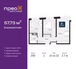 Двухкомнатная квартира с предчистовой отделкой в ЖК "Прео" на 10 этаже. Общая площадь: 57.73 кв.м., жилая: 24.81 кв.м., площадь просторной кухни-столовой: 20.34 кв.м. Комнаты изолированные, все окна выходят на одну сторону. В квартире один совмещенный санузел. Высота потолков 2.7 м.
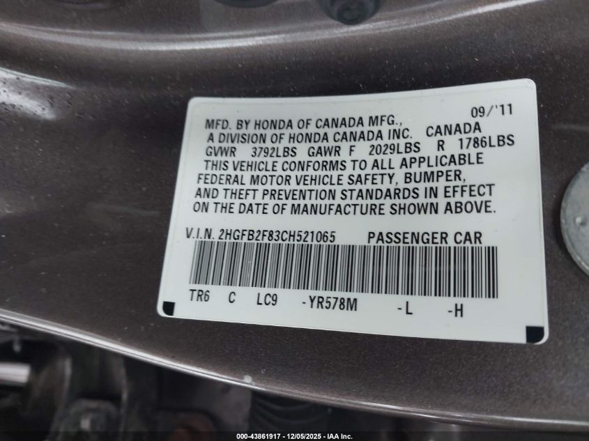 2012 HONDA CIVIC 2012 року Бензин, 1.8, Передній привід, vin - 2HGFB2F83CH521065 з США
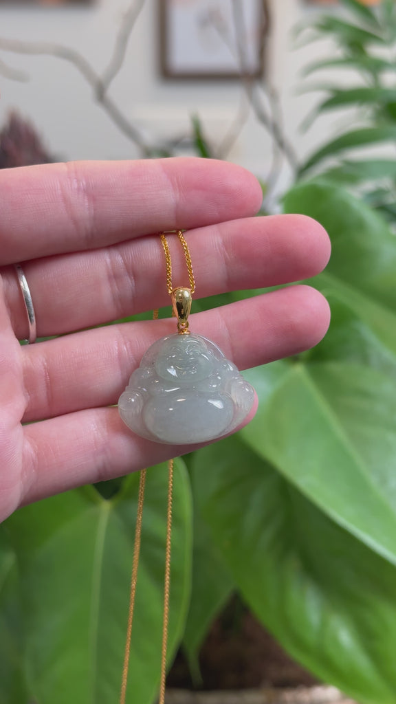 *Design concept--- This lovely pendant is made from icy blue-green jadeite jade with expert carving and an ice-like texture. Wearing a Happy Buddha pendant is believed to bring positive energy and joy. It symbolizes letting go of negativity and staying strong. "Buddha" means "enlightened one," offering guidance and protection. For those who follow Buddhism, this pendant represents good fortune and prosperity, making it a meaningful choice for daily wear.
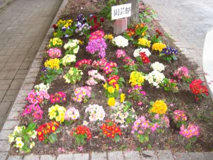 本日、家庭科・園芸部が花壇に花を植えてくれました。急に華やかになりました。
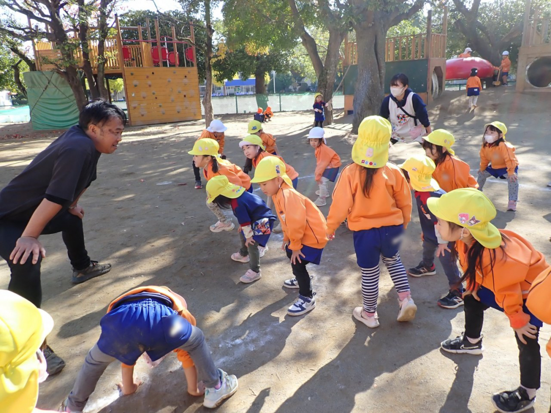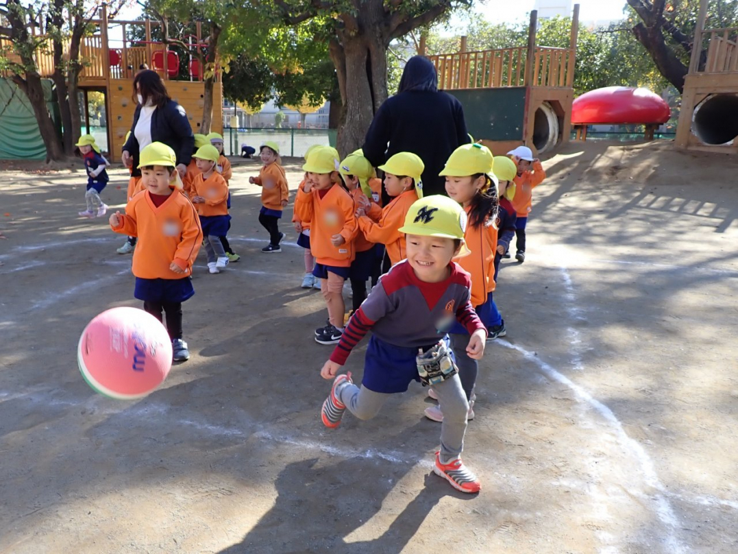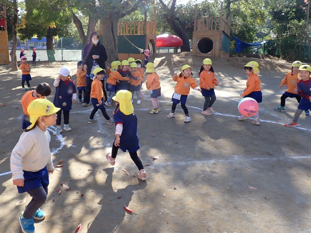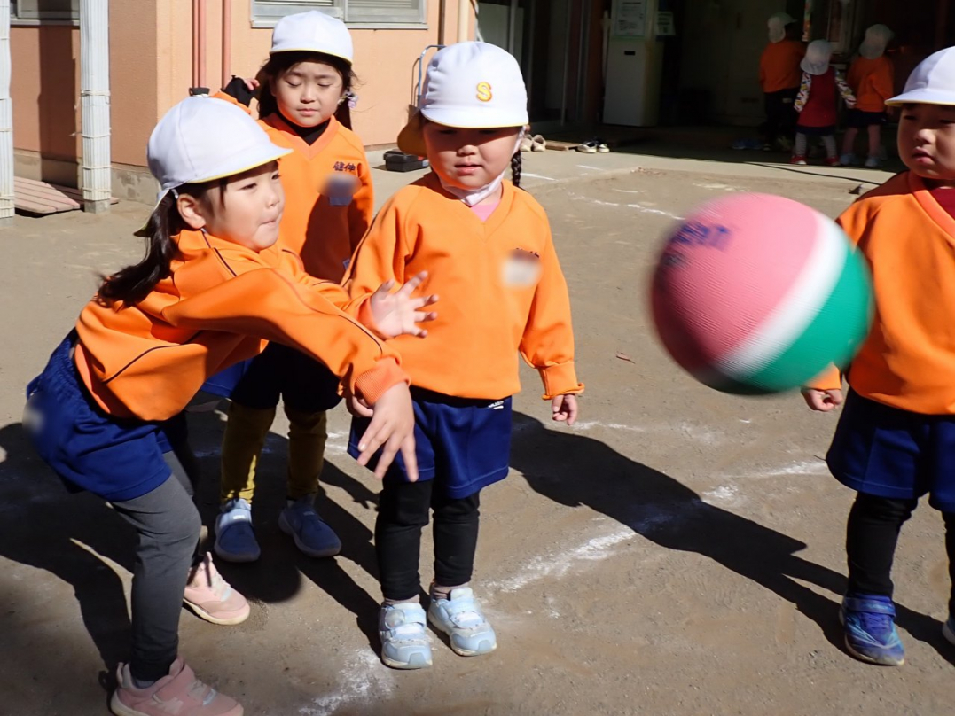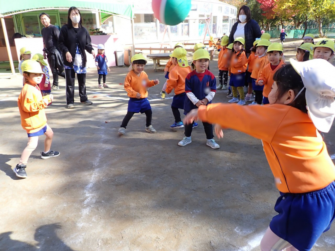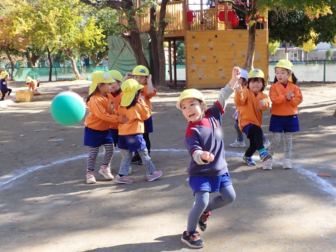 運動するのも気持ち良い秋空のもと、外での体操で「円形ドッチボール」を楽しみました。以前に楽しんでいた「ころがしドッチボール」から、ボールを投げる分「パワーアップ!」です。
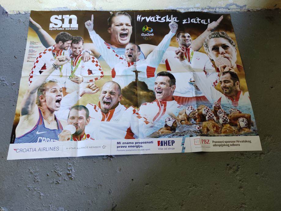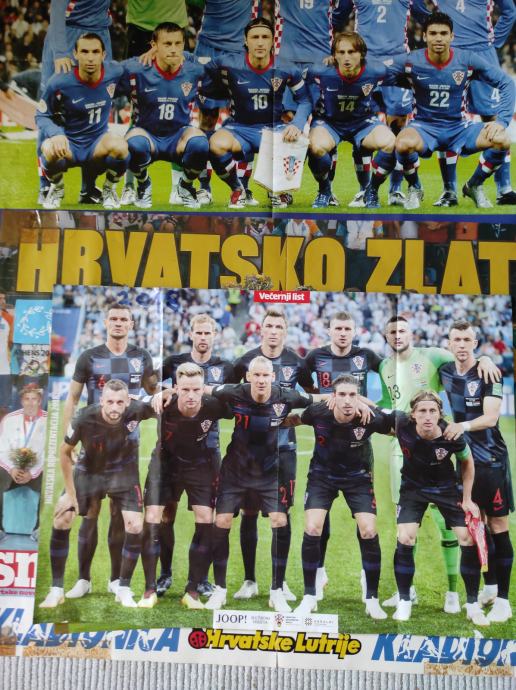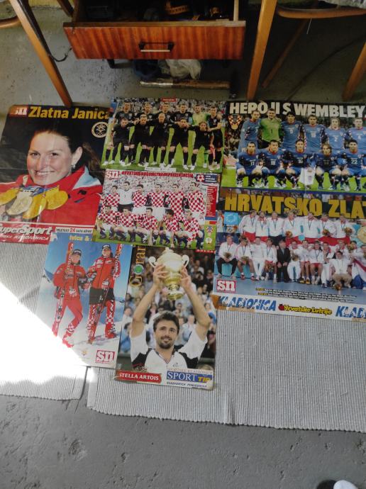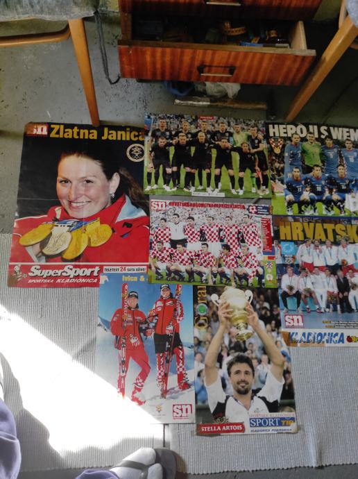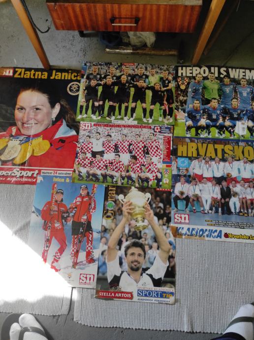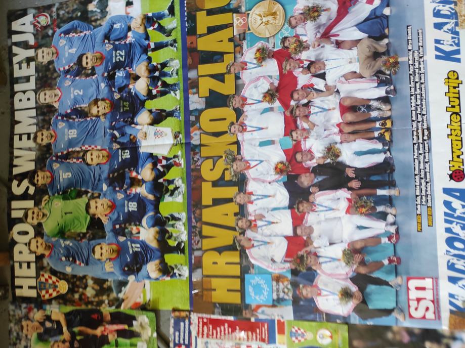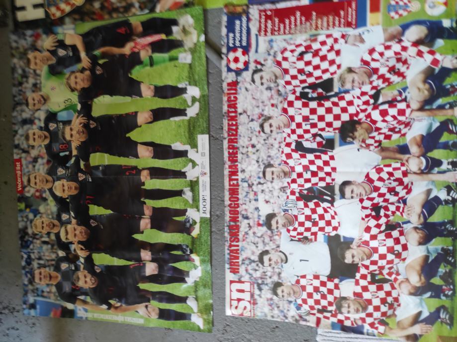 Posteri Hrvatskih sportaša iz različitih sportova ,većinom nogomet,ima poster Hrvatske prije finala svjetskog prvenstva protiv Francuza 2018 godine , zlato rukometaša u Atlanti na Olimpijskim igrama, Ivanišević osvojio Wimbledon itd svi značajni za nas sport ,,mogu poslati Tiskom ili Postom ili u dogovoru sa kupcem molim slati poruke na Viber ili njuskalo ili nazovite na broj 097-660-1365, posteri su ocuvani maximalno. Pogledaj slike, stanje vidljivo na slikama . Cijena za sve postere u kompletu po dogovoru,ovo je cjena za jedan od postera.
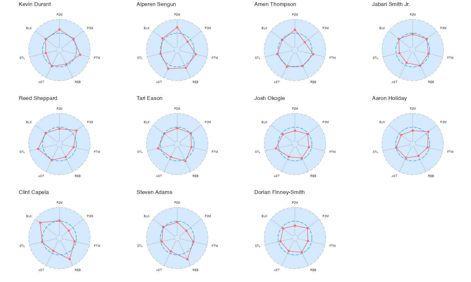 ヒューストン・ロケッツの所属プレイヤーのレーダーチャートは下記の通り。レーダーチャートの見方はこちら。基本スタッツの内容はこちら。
*****
**The task:**
Everything from the first line of the records through the line containing "運動するのも気持ち良い秋空の" should be repeated exactly, with the pictures left out.

**Result:**
 Двухкомнатная квартира с предчистовой отделкой в ЖК "Прео" на 10 этаже. Общая площадь: 57.73 кв.м., жилая: 24.81 кв.м., площадь просторной кухни-столовой: 20.34 кв.м. Комнаты изолированные, все окна выходят на одну сторону. В квартире один совмещенный санузел. Высота потолков 2.7 м.
 2012 HONDA CIVIC 2012 року Бензин, 1.8, Передній привід, vin - 2HGFB2F83CH521065 з США
 *Design concept--- This lovely pendant is made from icy blue-green jadeite jade with expert carving and an ice-like texture. Wearing a Happy Buddha pendant is believed to bring positive energy and joy. It symbolizes letting go of negativity and staying strong. "Buddha" means "enlightened one," offering guidance and protection. For those who follow Buddhism, this pendant represents good fortune and prosperity, making it a meaningful choice for daily wear.
 本日、家庭科・園芸部が花壇に花を植えてくれました。急に華やかになりました。
 運動するのも気持ち良い秋空のもと、外での体操で「円形ドッチボール」を楽しみました。以前に楽しんでいた「ころがしドッチボール」から、ボールを投げる分「パワーアップ!」です。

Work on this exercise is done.